Delicious korean style eggplant salad

Delicious Korean style eggplant salad

Oriental vegetarian dish - delicious Korean-style eggplant salad: incredibly mouth-watering and beautiful. Bright and juicy salad with a unique aroma is an indispensable dish for the daily menu and the festive table: the flight leaves. And although Korean cuisine used to be absolute exotic for us, but everyone loved the carrots and eggplant in Korean - and firmly entered our menu. Indeed, the vegetables traditional for us, prepared in a special Asian way, turn into an amazing piquant appetizer: it seems to be no longer exotic, but classic dishes for our feasts.


  • 4 medium eggplant;
  • one sweet bell pepper;
  • little carrot;
  • one middle onion;
  • 1-2 cloves of garlic;
  • hot pepper - to taste;
  • 0.5 teaspoon of salt for marinade + salt for eggplant;
  • 1 teaspoon with a hill of sugar;
  • parsley or cilantro to taste;
  • 2-3 tablespoons of 9% vinegar;
  • olive oil.

Delicious Korean style eggplant salad. Step by step recipe

  1. My eggplant, remove the tails, cut into two parts (across) and cut into long slices.
  2. We put the eggplants in a colander, sprinkle with a large amount of salt, leave for 30 minutes.
  3. Drain all the eggplant juice, rinse. Wring out hands from the water, blot with a paper towel.
  4. Cut the onion into small cubes in a separate bowl.
  5. Pour olive oil into the pan (you can also use sunflower oil), heat and fry the onion until light golden.
  6. Put the onion from the pan into a bowl.
  7. Pour more olive oil into the pan (a little), heat and fry the eggplants until cooked.
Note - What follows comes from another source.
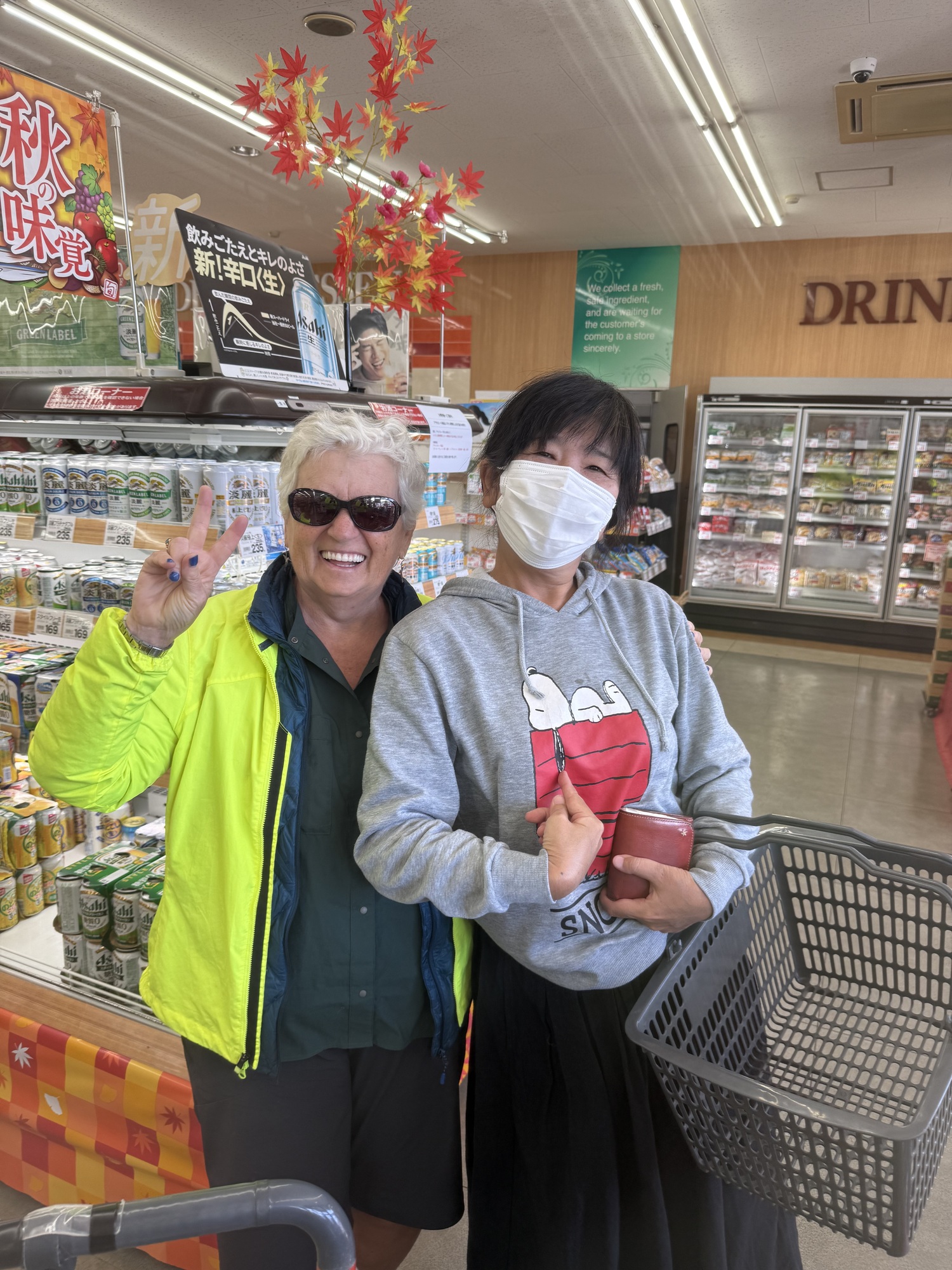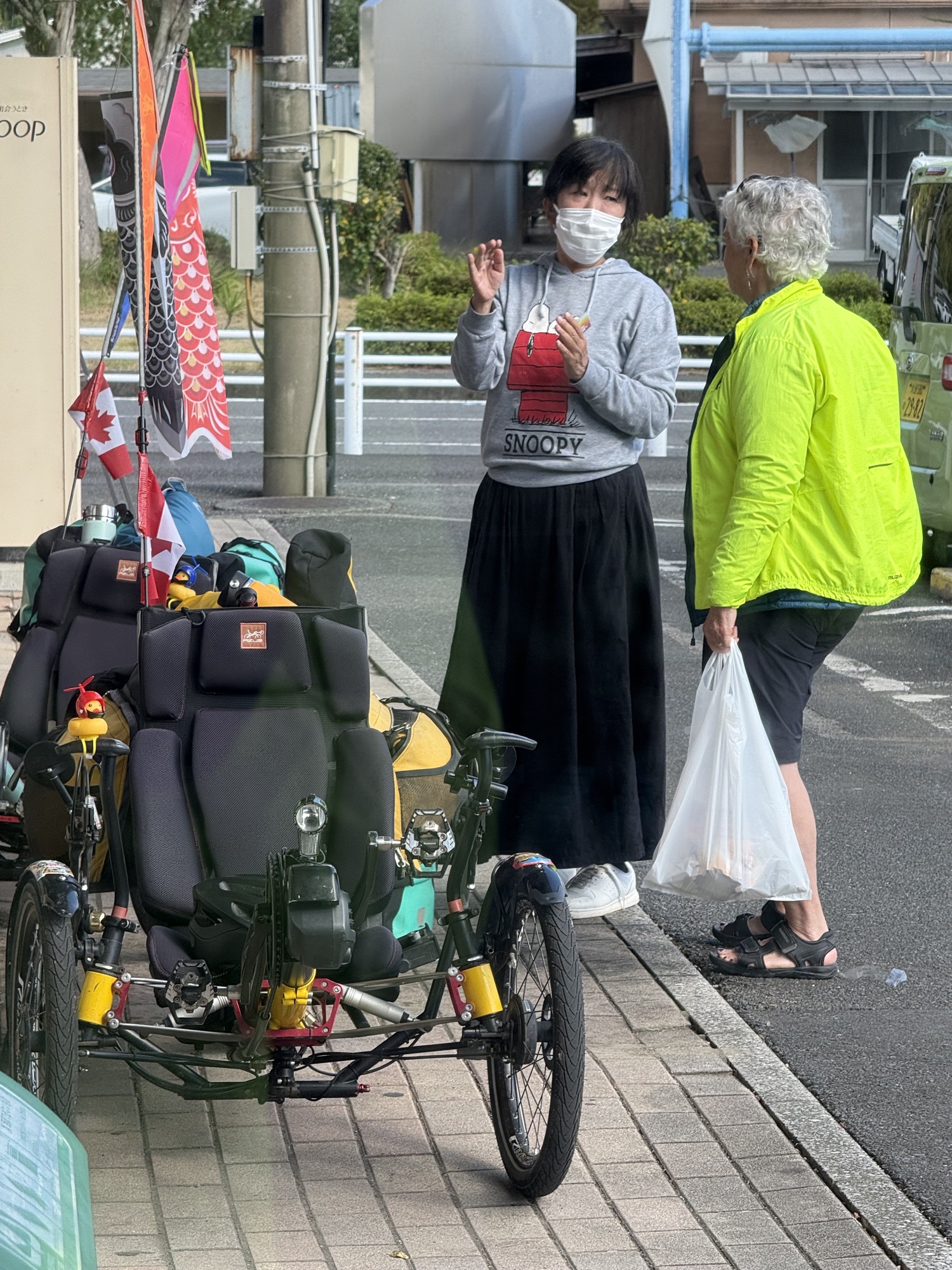 Shopping for lunch at a grocery store, this woman came up to us and asked if the trikes were ours. We enjoyed chatting with her. We knew Leslie would like the Snoopy sweatshirt.
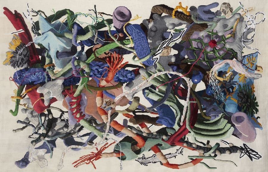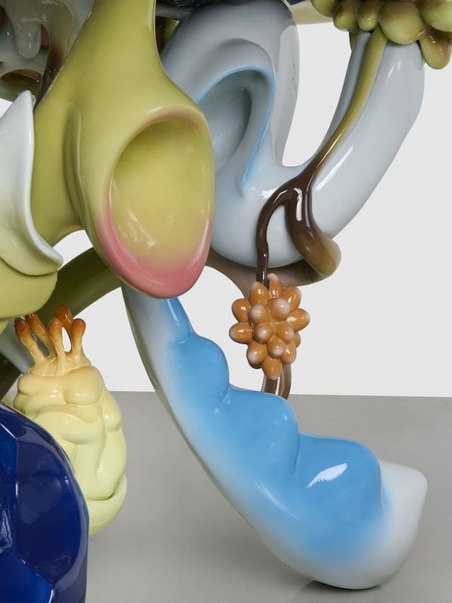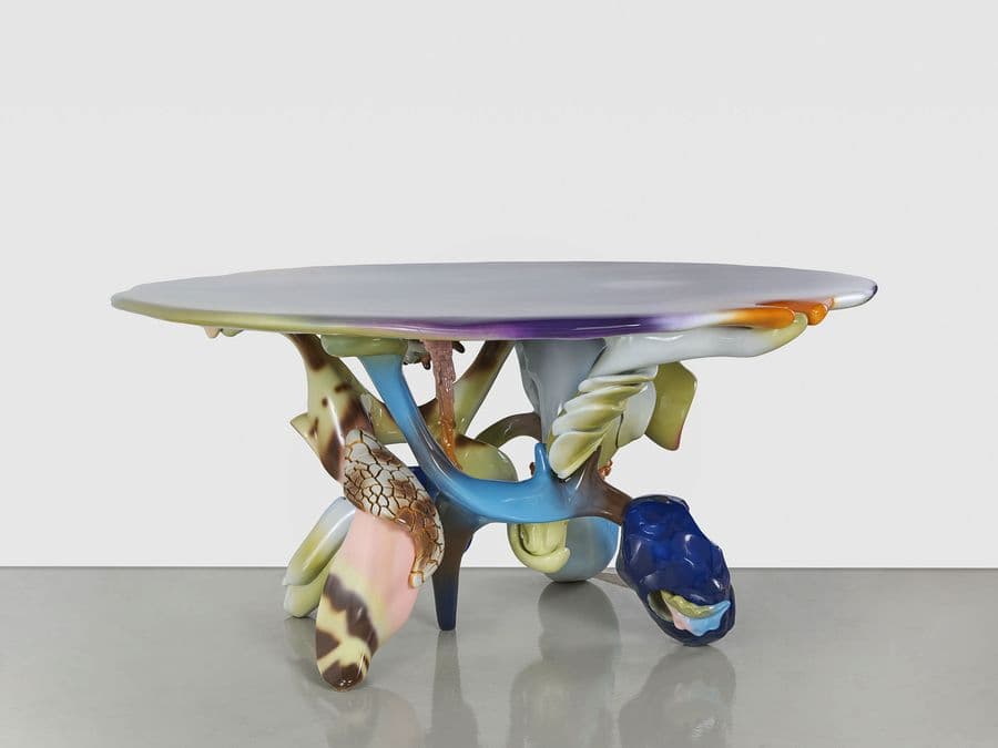 另一方面,米沙·卡恩(Misha Kahn )天馬行空的新作(由弗里德曼·本達畫廊呈現,同樣在膠囊廣場的衛星展廳2展出)則盡情展現了其歡欣雀躍的奔放。例如,《磷蝦的喜悅(最後時刻)》是一張用玻璃纖維3D打印而成、並以汽車漆塗裝的餐桌,捕捉了海洋生物在極致幻想中超現實的、扭動的能量。 一件作品是對平衡的克制與技術精湛的實踐;另一件作品則是材料與技法歡快而近乎無政府主義的碰撞。米蘭一如既往地包羅萬象,而正是這種對立的碰撞,才使其如此令人振奮。

If there are a lot of eggplants, fry them in several stages: so that they do not stew, namely they are fried.
  8. Cut the carrots into very thin strips.
  9. Sweet bell pepper cut into strips (not very thin).
  10. Garlic (I have two slices) finely chopped with a knife.
  11. Combine the fried eggplant and onions in a deep bowl, put the carrots, bell peppers, chopped garlic in the hot fried vegetables.
  12. Add the chopped hot pepper there (adjust the amount to your taste), finely chopped parsley or cilantro. Mix everything thoroughly.
  13. Salt, add sugar and vinegar (according to the recipe or to taste). Cover, leave to cool completely at room temperature. Then remove for 3-4 hours in the refrigerator. After this time, the salad is ready.

Korean eggplant salad with carrots turns out to be incomparable, it is especially tasty the next day: it needs to be given time to brew. You can serve as an independent dish, or with potatoes or rice - at your discretion. You can find eggplant dishes for every taste on our website “Very tasty”. Enjoy your meal.